We apply the selected existing algorithms on the simulated data; the parameters of each algorithm are selected in the way that has been suggested in the respective paper. Specifically, HITON-PC is applied with a significance level of 5 percent used in the G2 test of statistical independence and degrees of freedom set according to reference 14 cited in the paper of HITON-PC [47]. IAMB and its variants are applied with the significant level set to be 5 percent. GS is applied using the default value of 0.05 in its algorithm. SC is applied using the Bayesian scoring heuristic and the maximum number of parents chosen for the SC algorithm to be 5 and 10 (the one with better performance is kept and its corresponding result is presented). TC and TC-bw are applied by setting parameter α = 2/(p(p – 1)) as suggested and adopted in the paper [40]. There is no free parameter in L1MB-DAG.
In applying the proposed SBN, λ1 is selected by BIC (i.e., a step search is employed to find the λ1 that produces the minimum BIC value). Following Theorem 1, λ2 is set to be 10[(n – 1)2p/ λ1 – λ1], which empirically guarantees a DAG to be learned. Furthermore, note that the optimization problem in (2) is nonconvex, so a good initial value for B would be helpful. We tried various options and found that a good initial value can be the output from Stage 1 of the two-stage approaches (i.e., the potential parent set). Specifically, in our experiments we set the initial value to be the output from Stage 1 of L1MB, which is a parameter-free algorithm that can be easily assembled with SBN.
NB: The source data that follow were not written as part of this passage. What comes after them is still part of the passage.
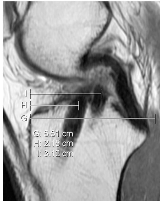
Figure 2 The maximum diameter of the tibia was measured from the sagittal images in millimeters (G) and the centers of the tunnels were determined from the anterior wall of the tibia (H, I).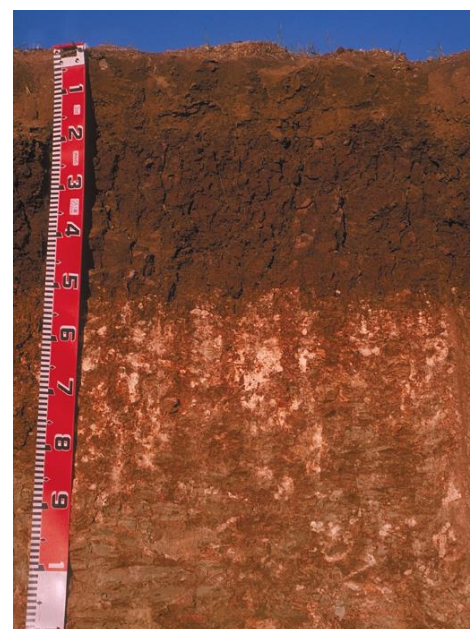
Deep loam over slightly restrictive subsoil — no limitation for intermediate perennials

Further information can be found in Assessing Agricultural Land (Maschmedt 2002).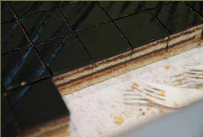
Chocolate Sheet Cake Donated by the Essential Baking Company at the 2016 Cascadia Grains Conference at SPSCC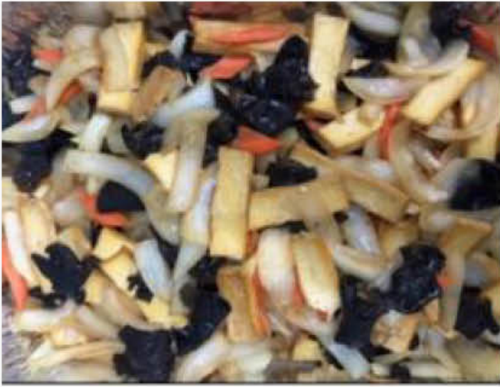
V03 洋葱香干 ONION WITH TOFU CURDS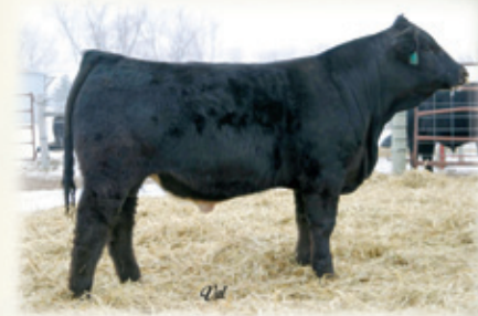
Triple C Royal Command P822 Owned by JP Black Simmentals, AR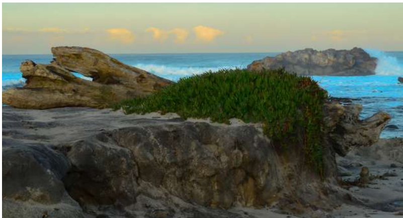
02-Colors of Asilomar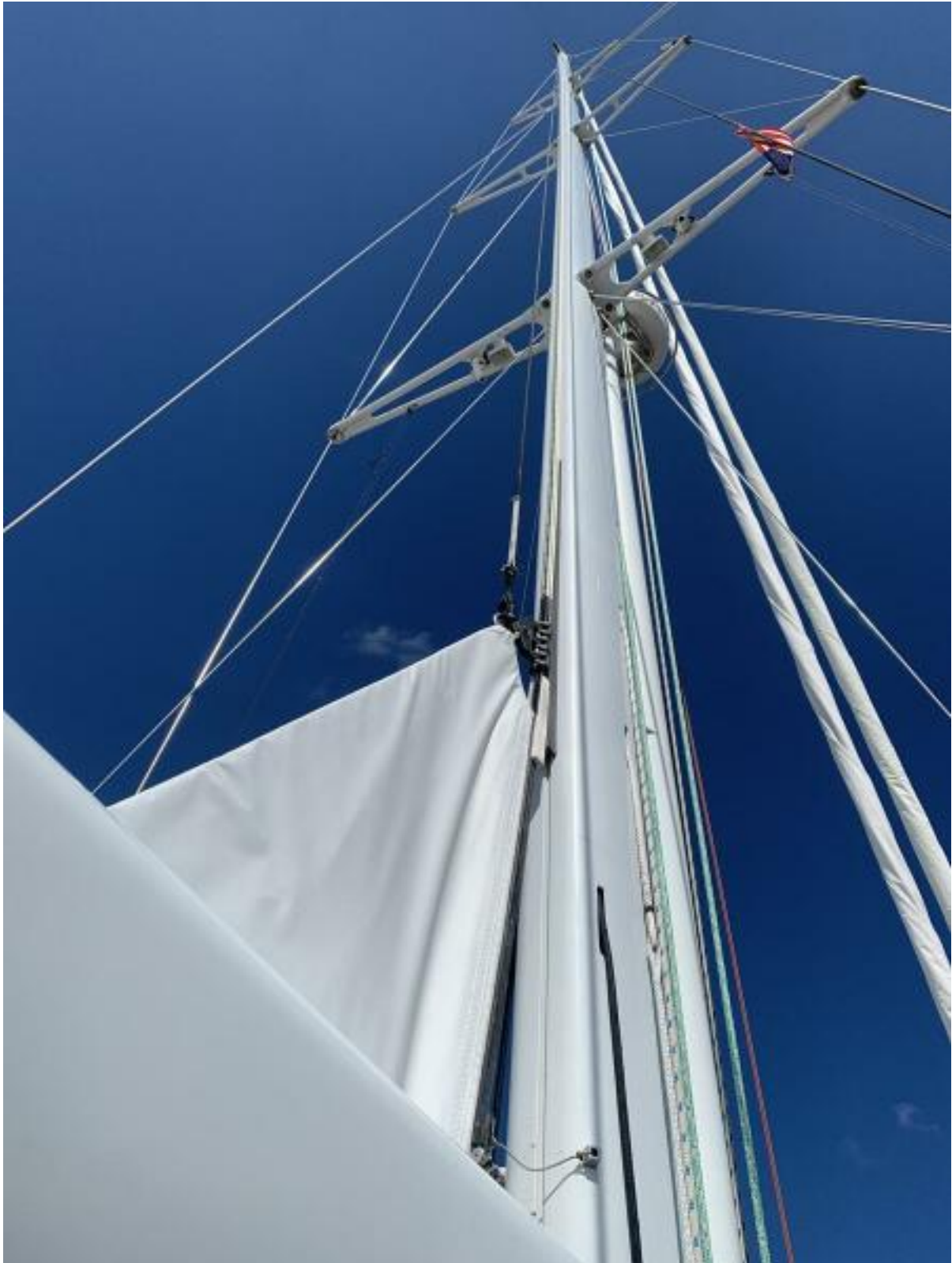
Gooseneck and Mast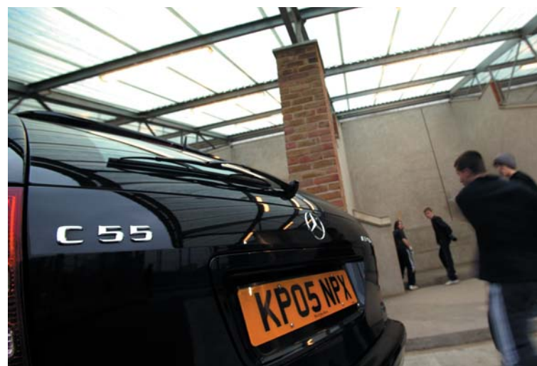
The C 55 AMG Estate tackled a mix of urban and cross-country routes between fives centres in London, Derby and Manchester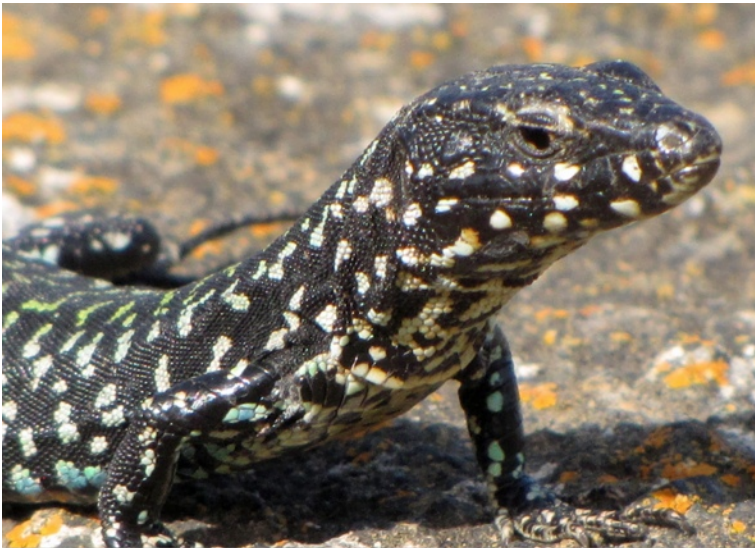
Figure 2: Male Podarcis filfolensis laurentimulleri from Linosa.

Hanging around the Maltese Wall lizard for so long brings up light on some interesting facts of their behavior. To start with, the Maltese Islands have only one species of wild lacertid lizard, the Maltese Wall Lizard, Podarcis filfolensis , with a number of populations living on islands and islets (SCIBERRAS 2004 ; SCIBERRAS 2005b ; SCIBERRAS 2010). Even outside Malta, though close by, on the Sicilian islands of Linosa, Lampedusa and Lampione, part of the Pelagian archipelago, this species exist as the only representative of these type of lizards. There this species is totally allopatric, isolated from similar species. The point is that there is no direct competition from a similar species, thus totally occupying its own niche within the ecosystem. However, even on such small islands, the ecosystem varies.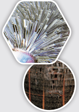
Conventional exposed plate fin stands little chance in harsh environments.

The results averaged over 100 repetitions are shown in Figs. 7a, 7b, and 7c. The X-axis records the 10 selected algorithms and the proposed SBN (the last one). The Y -axis of each figure in Figs. 7a, 7b, and 7c is a different performance measure, i.e., the frequency for X1 being identified as a parent of Xi, i = 2, …, 7, in (a), the ratio of the number of correctly identified arcs in the learned BN to the number of arcs in the true BN in (b), and the ratio of the total learning error in the learned BN (false positives plus false negatives) to the number or arcs in the true BN in (c). Note that Fig. 7a focuses on the arcs between X1 and Xi, i = 2, … 7, in order to demonstrate Theorem 2 (i.e., because the MB of Xi includes not only parent X1 but also six children, the coefficient of the arc between parent X1 and Xi may be underestimated so that X1 may not be included in the MB identified in Stage 1 of the competing algorithms). The observation from Fig. 7a is consistent with this theoretical explanation, which shows that the competing algorithms do not perform as well as SBN. Figs. 7b and 7c are performance measures defined on all arcs. They also show SBN’s better performance.
Fig. 7.
(a) Frequency of X1 being identified as a parent of Xi, i = 2, …, 7; (b) ratio of number of correctly identified arcs in learned BN to number of arcs in true BN; (c) ratio of total learning error in learned BN (false positives plus false negatives) to number of arcs in true BN.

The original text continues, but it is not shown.